Thursday, August 04, 2011

A. N. Wilson on materialism


I've been working on this piece, "C. S. Lewis and Science" (or whatever it'll eventually be called), and I ran across a somewhat recent quotation from A. N. Wilson, the brilliant, but cranky biographer of Lewis and, for quite a while, committed atheist. Just a few years ago, he changed his mind. Wilson points to "great saint Thomas More, Chancellor of England":
Our bishops and theologians, frightened as they have been by the pounding of secularist guns, need that kind of bravery (like Sir Thomas More’s) more than ever. Sadly, they have all but accepted that only stupid people actually believe in Christianity, and that the few intelligent people left in the churches are there only for the music or believe it all in some symbolic or contorted way which, when examined, turns out not to be belief after all. As a matter of fact, I am sure the opposite is the case and that materialist atheism is not merely an arid creed, but totally irrational. Materialist atheism says we are just a collection of chemicals. It has no answer whatsoever to the question of how we should be capable of love or heroism or poetry if we are simply animated pieces of meat.
I think that's fairly provocative stuff. What do you think? 

3 comments:

John said...

At first, I thought this quote was say, 40 years old. But as I re-read your post, I'm under the impression it is a recent quotes.

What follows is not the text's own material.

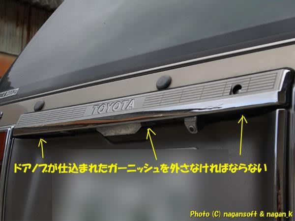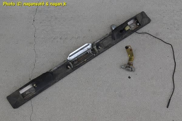 ドアノブ、キーシリンダー、ナンバー灯、バックカメラってものが仕込まれた横長のメッキされた樹脂パーツです。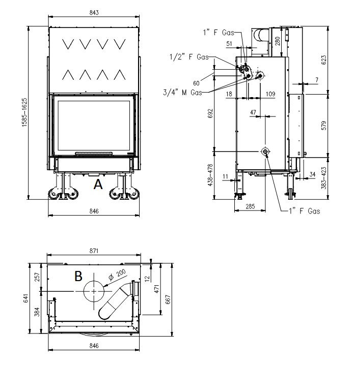 - Rauchrohrdurchmesser 200 mm oben

That matters because only in the past 10 years or so, there has been some new research into altruism, co-operation, and even love as evolutionary adaptations that promote survival of a species or group.

GCootsona said...

Not everybody's caught up....

M Fitzpatrick said...

Well, evolutionary biology and psychology have attempted answers to "how" we should be capable of love or whatnot. But the "why" question is what I think A.N. Wilson really gets right. "Why" should a mere collection of chemicals (actually, quarks and gluons, etc) care? It is the fact that we care about ourselves, each other, the world, God, that is the biggest mystery of all. Materialism can only offer a descriptive account of the world. But humans live in the world of norms and truth. We don't just say, "Hey, this is a collection of chemicals called Greg." We say, "I care about Greg." Why should a collection of chemicals want to preserve itself, survive, and assist in the preservation of others? It seems, quite surprisingly, that those things which "mean" something to us, are rather quite real.